What Was Iran Hiding in Turquz Abad?

(New York Times) Bret Stephens - Buried in a recent report from the International Atomic Energy Agency is: "Iran's implementation of its Safeguards Agreement and Additional Protocol require[s] full and timely cooperation by Iran. The Agency continues to pursue this objective with Iran." That's an exquisite way of saying that Iran is stonewalling the agency. Last September, Israeli Prime Minister Benjamin Netanyahu told the UN General Assembly that Iran had a "secret atomic warehouse for storing massive amounts of equipment and material from Iran's secret nuclear weapons program" on the outskirts of Tehran in a village called Turquz Abad. He urged IAEA chief Yukiya Amano to "inspect this atomic warehouse immediately." The IAEA only got around to inspecting the site earlier this year, long after the suspicious materials had vanished. But nuclear inspectors were nonetheless able to detect radioactive particles, corroborating Israeli claims about the purpose of the warehouse. The agency's unwillingness to follow up promptly and effectively on Israel's allegations, along with its reluctance to disclose what it found, inspire little confidence in the quality of its inspections and even less in its willingness to call out cheating.
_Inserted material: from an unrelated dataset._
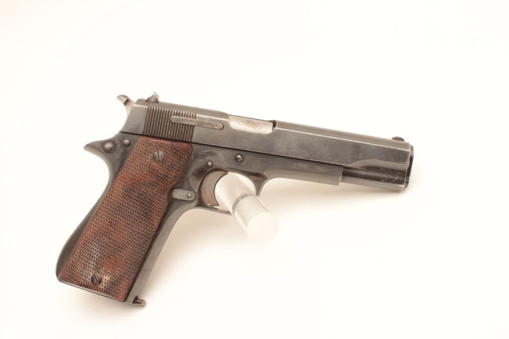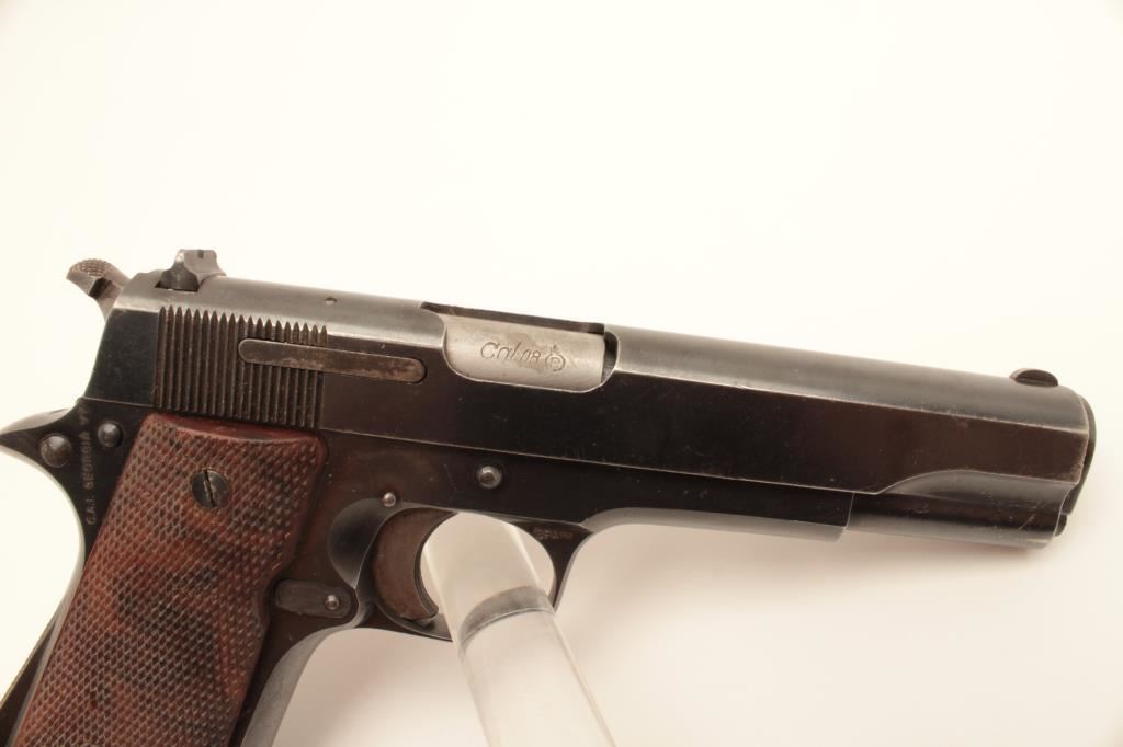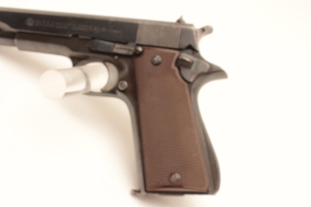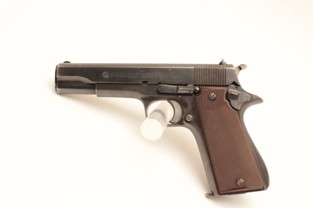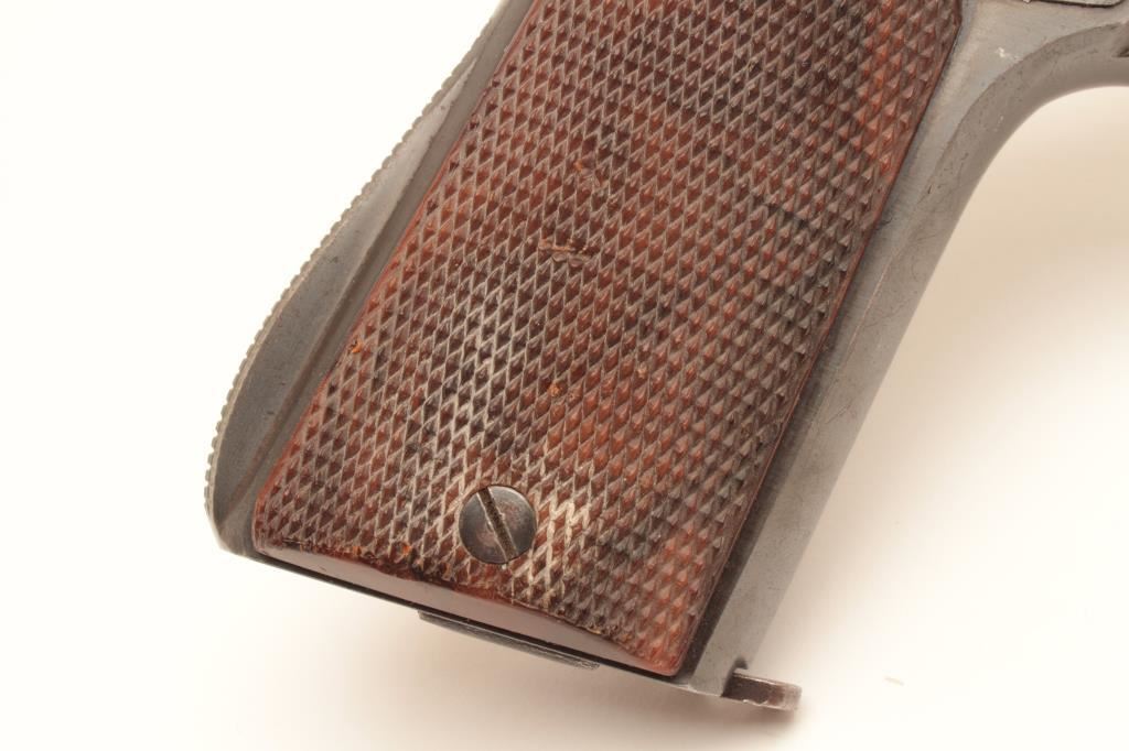 Star Model B semi-automatic pistol, 9mm caliber, 5” barrel, blued finish, checkered brown hard rubber grips, import-marked, S/N 272756; overall good to very good condition with crisp action, good bore, good markings and very good grips. (C&R/PPT). Est.: $250-$500.

Moreover, Iran's hiding of nuclear materials is further evidence that Tehran was in violation of the nuclear deal from the moment it was signed. "If Iranians aren't cooperating, it tells you that potentially they are hiding more," notes David Albright, president of the Institute for Science and International Security. If those who fear an Israeli strike on Iran's nuclear sites are serious about averting it, they could play a helpful part by demanding more credible inspections and honest reporting from the IAEA, starting with a thorough accounting for what went mysteriously missing from Turquz Abad.